Ингвар и Ольха
Шрифт:
Ведьма поставила на огонь глиняный горшок, налила воды и набросала трав и листьев. Ингвар смотрел жадно, даже сглотнул слюну. Запах от трав терпимый. Может быть, его случай совсем простой, даже не понадобится добавлять в горшок жаб, кожанов, жуков и мух…
– Рубины мне ни к чему, – сказала ведьма, не поворачиваясь. – А серебряные гривны возьму. Имеются?
Ингвар торопливо развязал калитку.

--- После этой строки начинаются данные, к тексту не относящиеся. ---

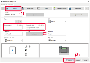 seleccionar en la ventana de propiedades del controlador de la impresora.
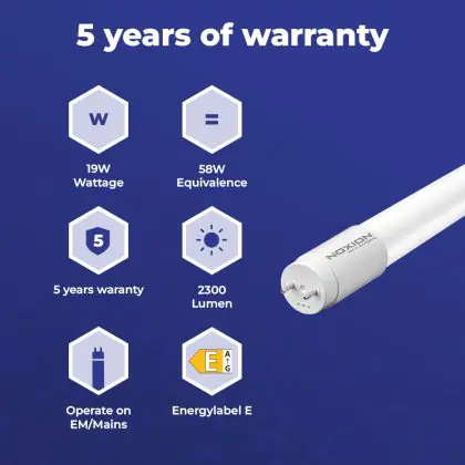 Il Noxion Tubo LED T8 Avant (EM/Mains) Standard Output 19W 2300lm - 840 Bianco Freddo | 150cm - Sostitutiva 58W è l’alternativa perfetta per il tubo fluorescente standard 58W nelle plafoniere con un reattore. Con questo tubo LED hai una garanzia di una vita media utile molto lunga e 5 anni Lampadadiretta.it di totale garanzia. .
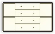 Komoda je vyrobená z borovicového masivu, který je ošetřen dvěma vrstvami bezbarvého ekologického laku. Tyto solitéry jsou celomasivní, tzn. všechny části jsou vyrobeny z přírodního masivu, včetně bočnic a korpusů šuplíků. Dna šuplíků a záda jsou vyrobeny z bílého sololitu tl.0,5 mm. Komoda se dodává ve složeném stavu.
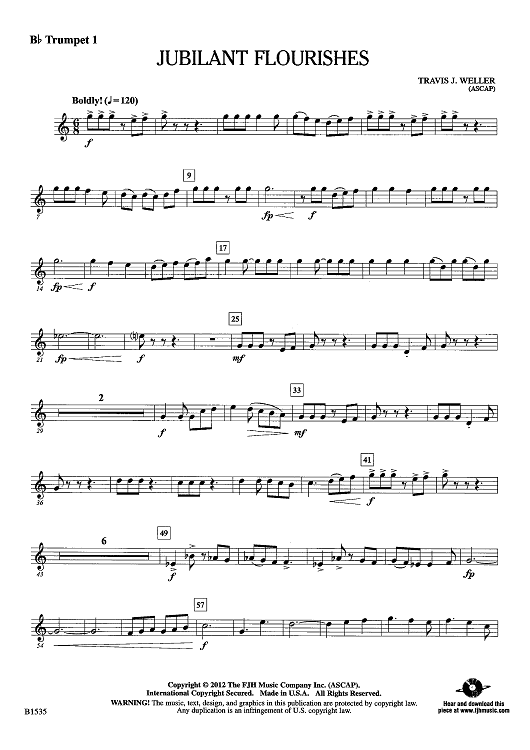 Digital Sheet Music for Jubilant Flourishes - Bb Trumpet 1 by Travis J. Weller scored for Concert Band; id:440036

Ведьма бесстрастно смотрела, как он достал серебряные прутья, но во взгляде все же блеснуло одобрение, когда он швырнул на стол, не торгуясь. Либо богат, либо припекло так, что света белого не видит. А скорее всего и то и другое.
Когда
– Держи!
Ингвар принял трясущимися руками:
– А когда пить?
– Как вернешься.
– Может быть, сразу? – взмолился он жалким голосом. – Сейчас? Мочи нет! Я еще добавлю, только кивни.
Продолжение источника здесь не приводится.